Tuesday, July 14, 2009

South Dakota, where the wind comes sweepin' down the plain

I survived last night's thunderstorms! No one seems to have been hurt by tornadoes, so it was a false alarm. Probably happens pretty often up here. Still, the memory of the hail and the shaking street lights is sort of unsettling.

To catch up with yesterday, I neglected to mention dinner, which I ate at a firehouse that had been converted into a microbrewery. (This provides some nice symbolic unity with my first stop of the trip, where I visited a firehouse that had been converted into a museum.) I had a microbrewed root beer! It was nice -- about halfway between grocery-store root beer and the dark, rather bitter stuff at the Fort Myers microbrewery restaurant, and better to drink than either one. I've mostly been avoiding soda this trip, but I make exceptions for unusual stuff. No other culinary adventures yesterday or today, though; getting enough calories at the right intervals in interesting restaurants has been a little problematic in Wyoming and South Dakota, so when I find a place to eat I tend to order something I know I'll like.

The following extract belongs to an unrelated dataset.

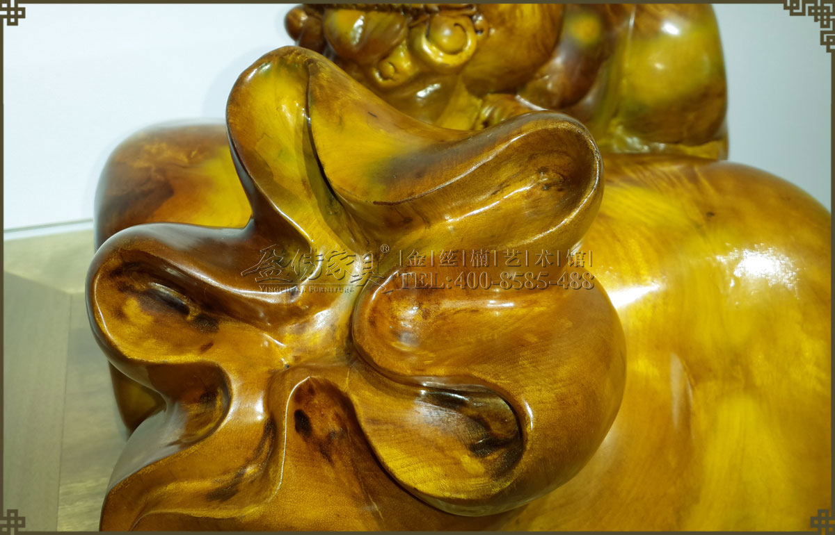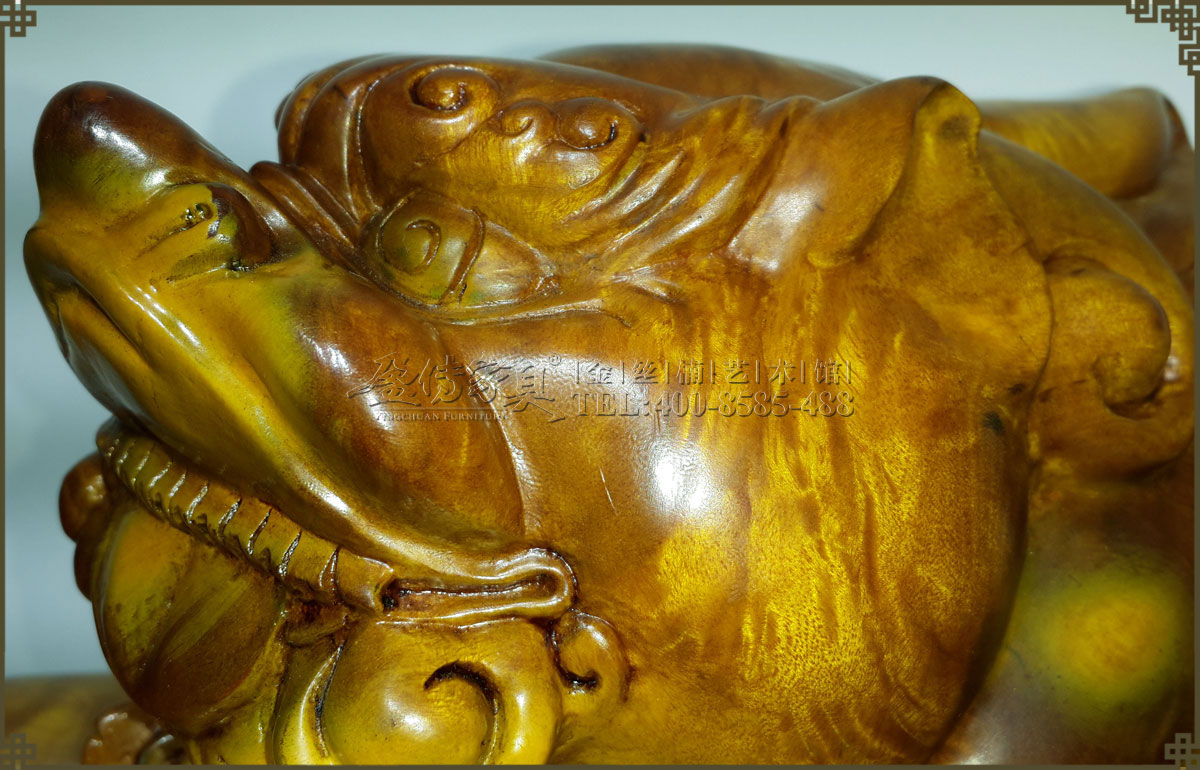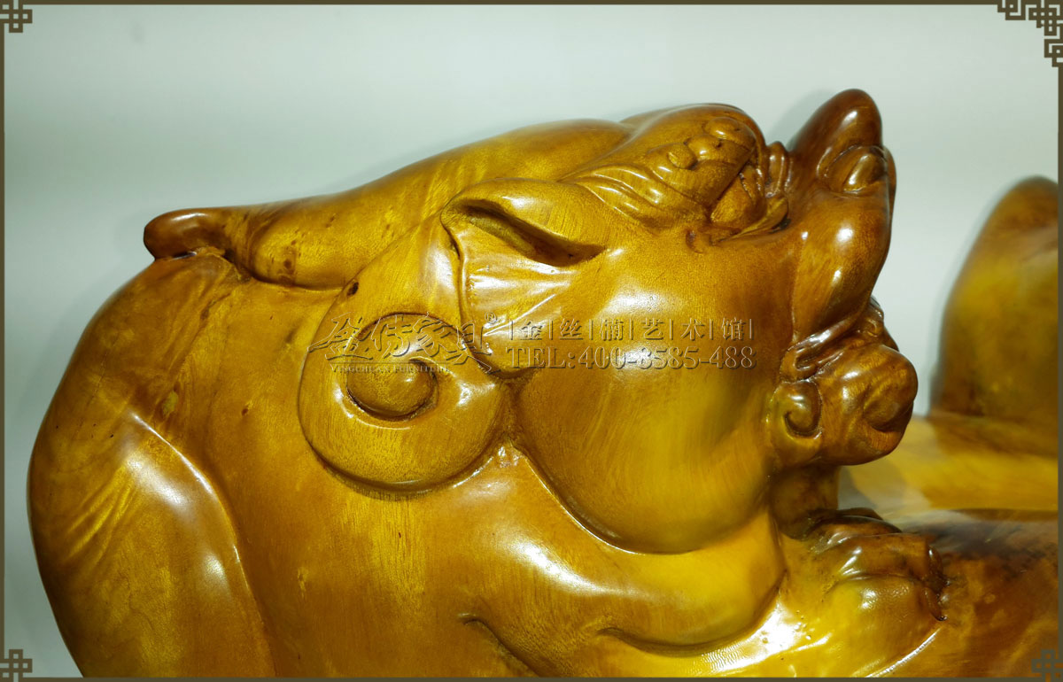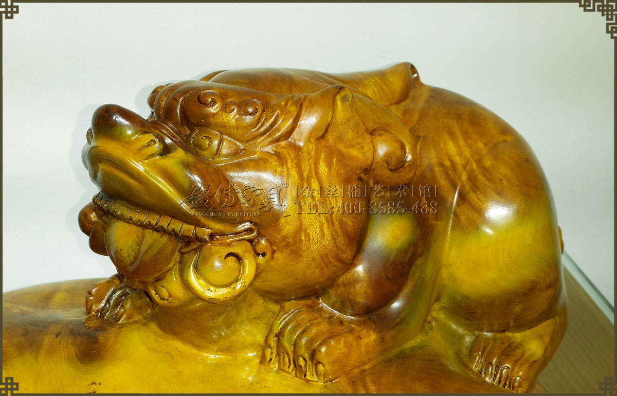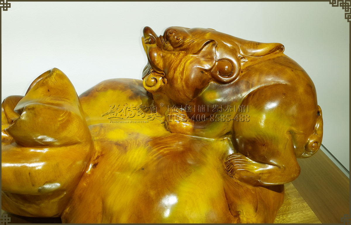 工藝大師雕刻工藝精湛,此金絲楠貔貅伏在錢袋上,強壯肥碩,精神威武又不失可愛,很少看到面部刻畫如此細膩的貔貅。大大的錢袋更是利于招財進寶,財源廣進。整體質地上乘,線條流暢,高貴華美,精美絕倫,是難道的金絲楠精品擺件,收藏和饋贈的明智之選。

Also left over from yesterday are two odd phenomena about South Dakota. One is that some restaurants have smoking sections. I was taken aback to be asked "smoking or non?" when I asked for a table! The other is that in South Dakota, not only is gas very cheap compared to other states I've been to, but mid-grade "plus" gas is cheaper than low-grade gas. This bizarre inversion is present at every gas station I've seen in the state. I'm told it's because they put 10% ethanol in the mid-grade gas and get big tax breaks for it that allow them to lower the price, but then why don't they put ethanol in the low- and high-grade gas as well? An enigma the gas station attendant was not equipped to answer.

Today was mostly driving end-to-end through South Dakota. The big adventure of the day was the Badlands. For context, let me explain that South Dakota is basically four hundred miles of open prairie with one town (Rapid City) in the west and another (Sioux Falls) in the east, and today I drove from the former to the latter across all that prairie. I'm emphasizing the prairie here because the Badlands is utterly shocking, terrible and eye-boggling primarily because of the contrast it makes with the grass and scrub. The Badlands look like this:

Two hundred years from now, some mad scientist invents a tractor beam and a time machine. He travels back in time to millions of years ago, where he uses the tractor beam to capture several large asteroids full of ravines and ridges and odd jutting contours like nothing on Earth. In an attempt to destroy the world, he crashes the asteroids into what will become South Dakota; this causes the extinction of the dinosaurs. The asteroids, however, do not destroy the world as planned. Instead, the above-ground parts of the asteroids loom ominously over the Dakota prairie, emitting their odd chemicals into the soil and fouling the land and water. The grass tries to reclaim the land from the asteroids, hardy weeds cropping from the rock where they can find a foothold, but in the end this feeble growth only makes the asteroids look more unearthly.

The Badlands, of course, are not actually asteroids, but they should be. You look at them flabbergasted and say "how on Earth could that have happened?" (The answer is almost invariably "erosion," so it's better not to ask.) I liked them better than Yellowstone. Less wildlife, to be sure -- only a few brave species are well-adapted for life in the South Dakota Badlands, such as the critically endangered black-footed ferret -- but the terrain was truly different, while Yellowstone was just "things you've already seen this trip packed into a smaller space." Of course, I'm prejudiced by the sheer fun I had climbing over the ridges of the Badlands. You can pull over at any number of turnouts and trek as far as you care to into that country, every step treacherous, the dirt and clay loose under your feet. I climbed the north side of one ridge and got it into my head that I had to go down the south side, which was steeper. I went step by step as far as I could, but in the end I had no alternative but to crouch and slide down the side on my sneakers, ripping at the earth with my palms to keep from somersaulting down the rocky slope -- sneakerboarding, if you will. This could have torn my hands open but didn't, so it was a good day. Afterwards I chatted with a woman from Atlanta returning from her own West Coast road trip. She had wisely stayed on the boardwalk and suggested gloves if I should try that sort of thing again in the future. One thing I didn't think to pack...

Speaking of which, I haven't been doing badly on talking to strangers recently. I've swapped stories with this woman from Atlanta, a guy from Quebec, a Texan, a New Yorker, and some others. From our chats, I'm astonished how un-unique my journey is -- how many people share an experience like this one. My Atlantan traveled the Trans-Canada Highway, which is by some metrics the longest single road in the world, end-to-end and had a fantastic time. It seems almost everyone has driven coast-to-coast, though not too many have done it solo. Of course, my sample is biased -- I'm surveying only people I'm coming across in my own coast-to-coast trip full of places tourists go -- but it's interesting to reconcile my experience of Lover's Lanes as a personal and irreproducible journey with the ubiquity of the transcontinental road trip in the American collective consciousness.